Car le fabricant de tissus Zamaria a bien l'intention, lui aussi, de s'en donner à cœur-joie ! Il
annonce le programme de la soirée à ses jeunes ouvriers : souper et danses. Il les y convie. Pour
sa fille, Domenica, il énumère les invités : son ami tisserand Lazaro avec sa femme Alba, le
marchand de soie Bastian et son épouse Marta, sa filleule Elenetta et son mari Agustin, le
dessinateur Anzoletto, la fileuse d'or Polonia et le calandreur (1) Momolo. Justement, voici
qu'arrivent les invités : Elenetta et Agustin qui se chamaillent pour un rien, Marta et Bastian qui
ont l'air d'aimer vivre et se moquer, Momolo qui est manifestement en bisbille avec Polonia,
Lazaro et Alba, Polonia qui apprend à Domenica qu'Anzoletto vient de recevoir une proposition
pour aller travailler en Moscovie, Anzoletto qui confirme son prochain départ. On comprend que
Domenica aime Anzoletto... Va-t-elle le laisser partir pour la Moscovie en compagnie d'une
vieille brodeuse française nommée Madame Gatteau ? Anzoletto va-t-il préférer sa carrière à
l'amour de Domenica ?
ACTE II. La partie de meneghella
Zamaria apprend que son dessinateur attitré,
Anzoletto, le quitte pour la Moscovie. Avant le
souper, il propose une partie de cartes à ses
invités. À l'instigation de Marta, ce sera une
partie de meneghella (2), un jeu qui se joue par
équipe de deux. Les couples de joueurs se
forment. Tout le monde joue, sauf Zamaria.
Pendant la partie, on échange divers propos...

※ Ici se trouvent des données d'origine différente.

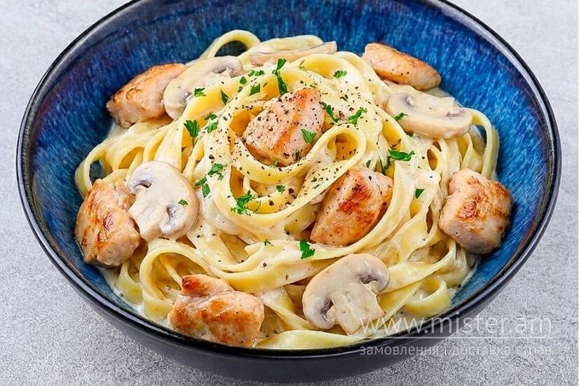 Куряче філе, печериці, вершки, перець свіжемелений, петрушка, паста тальятелле.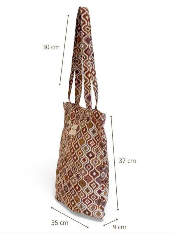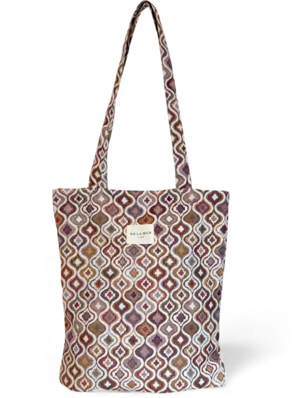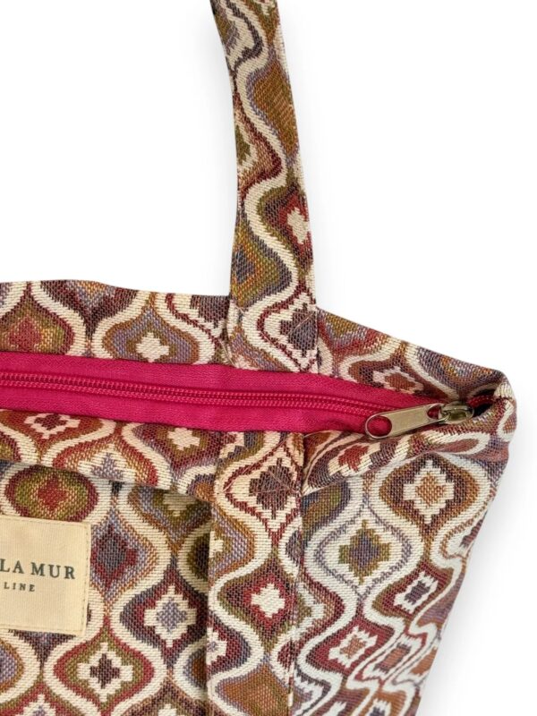 Bolsa «tote bag», tamaño medio, confeccionado con tejido grueso de jacquard (80% algodón y 20% poliéster) con estampado geométrico en tonos rosados y lilas. Modelo cerrado con cremallera y diseñado con dos asas amplias para llevar al hombro. Ideal para llevar libretas, agenda, alguna prenda de ropa…., muy cómoda para el día a día. Confeccionado con telas nacionales.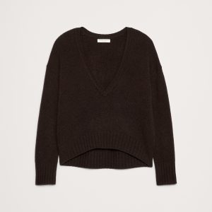 The vibe is lightweight luxury. This updated take on the classic v-neck sweater has not-too-loose fit through the body in our lightweight cashmere yarn—selected for its luxurious softness and all-season weight.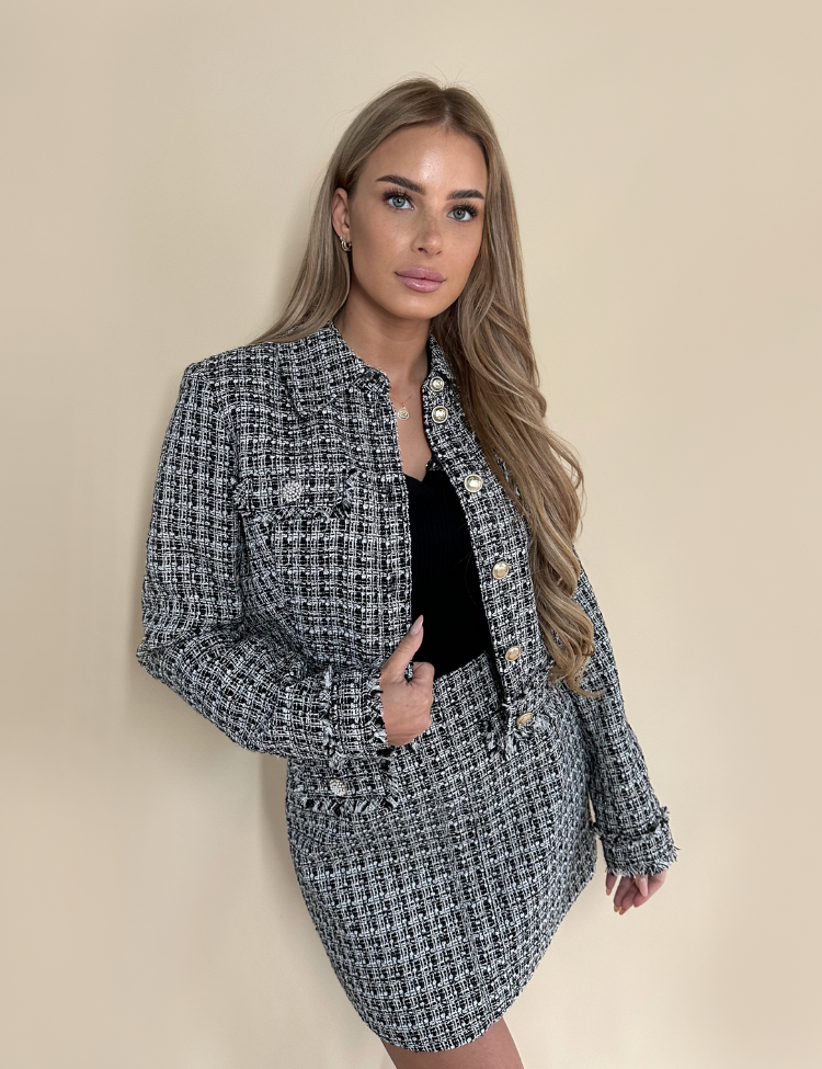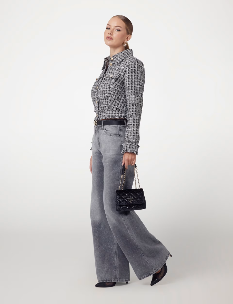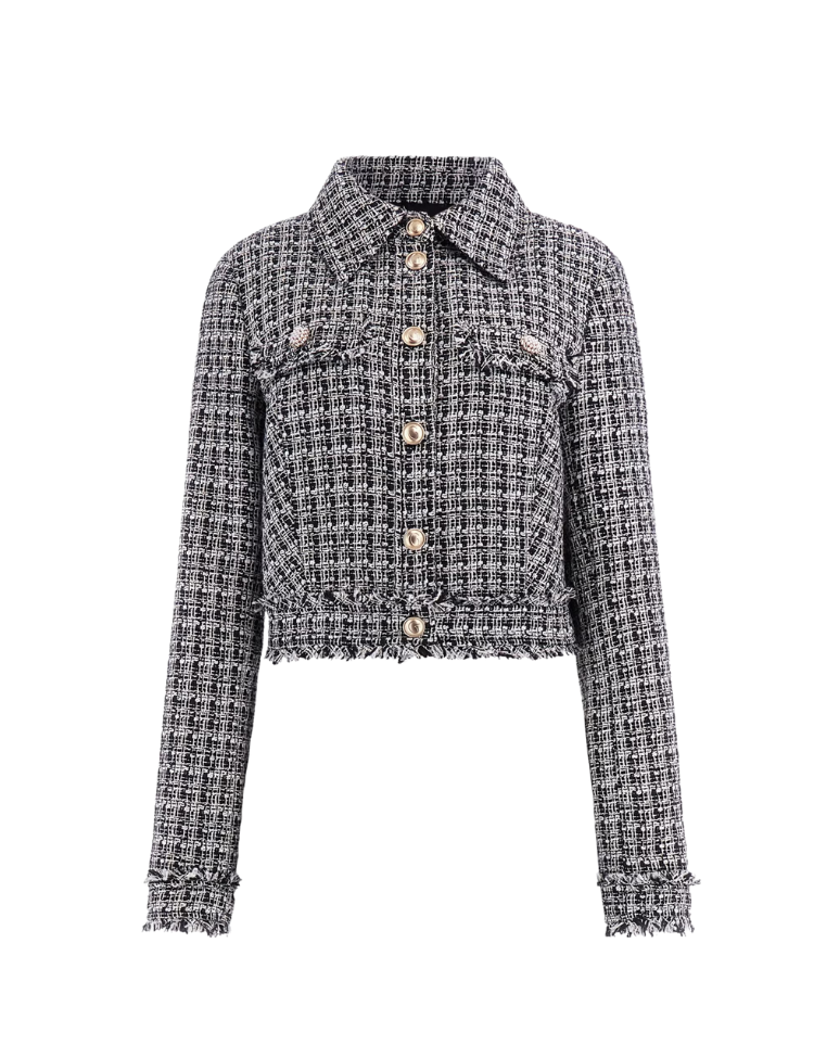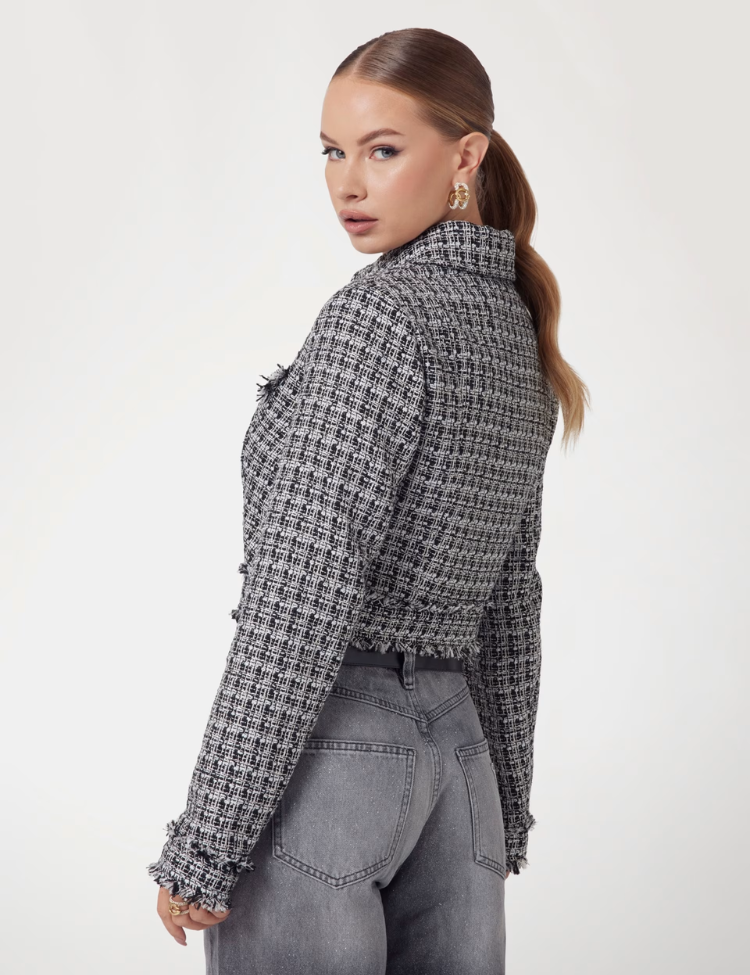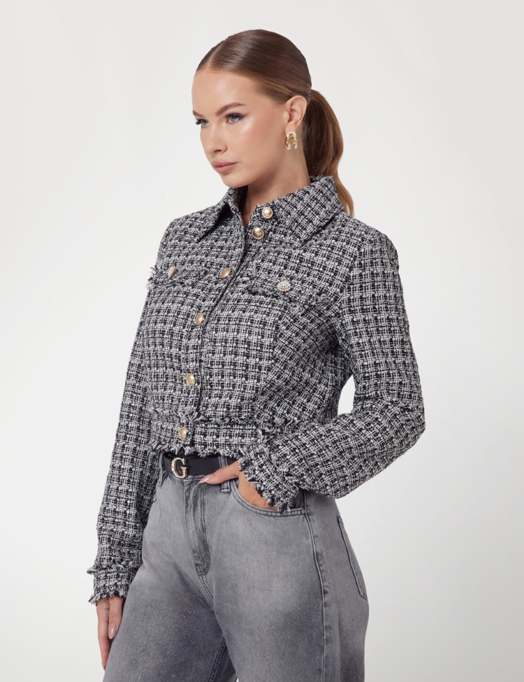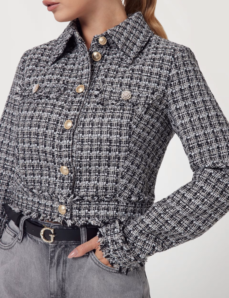 Guess Daphnee Cropped Jacket - Black/White Tweed

En fait, c'est surtout d'amour qu'il est question.
Anzoletto propose à Domenica de l'épouser et
de l'emmener avec lui en Moscovie. Mais
Zamaria, le père, y consentira-t-il ? Survient la
vieille brodeuse, Madame Gatteau, qui avoue à
Domenica qu'elle est amoureuse d'Anzoletto...
ACTE III. Le souper
Alba ne va décidément pas bien ; cette fois, c'est le parfum de la Gatteau qui l'incommode !
Polonia est toujours irritée par Momolo. Et voici qu'Anzoletto annonce une bien mauvaise
nouvelle : Zamaria ne veut rien savoir, sa fille ne partira pas en Moscovie, elle ne se mariera
point. Madame Gatteau avoue son amour à Anzoletto qui la rabroue. Elle se rabat sur Zamaria :
il est veuf ; il est "frais, robuste, adorable". Momolo se moque d'elle mais se lamente de n'être
pas marié. Dans la salle à manger, une table a été dressée, Zamaria place ses invités : il
sépare délibérément Domenica d'Anzoletto, Polonia de Momolo. Dénouement heureux :
l'astucieuse Marta suggère à Zamaria d'accompagner Domenica et Anzoletto en Moscovie...
Momolo, lui, se propose pour gérer les affaires de Zamaria pendant son absence... Polonia
prend le bras de Momolo : oui, elle l'épousera... Zamaria demande à Madame Gatteau d'être sa
femme... Domenica sera celle d'Anzoletto... Trois mariages d'un coup ! Que le bal commence !
(1) La calandre était une machine, formée de cylindres et de rouleaux, qui servait à lustrer ou moirer les étoffes.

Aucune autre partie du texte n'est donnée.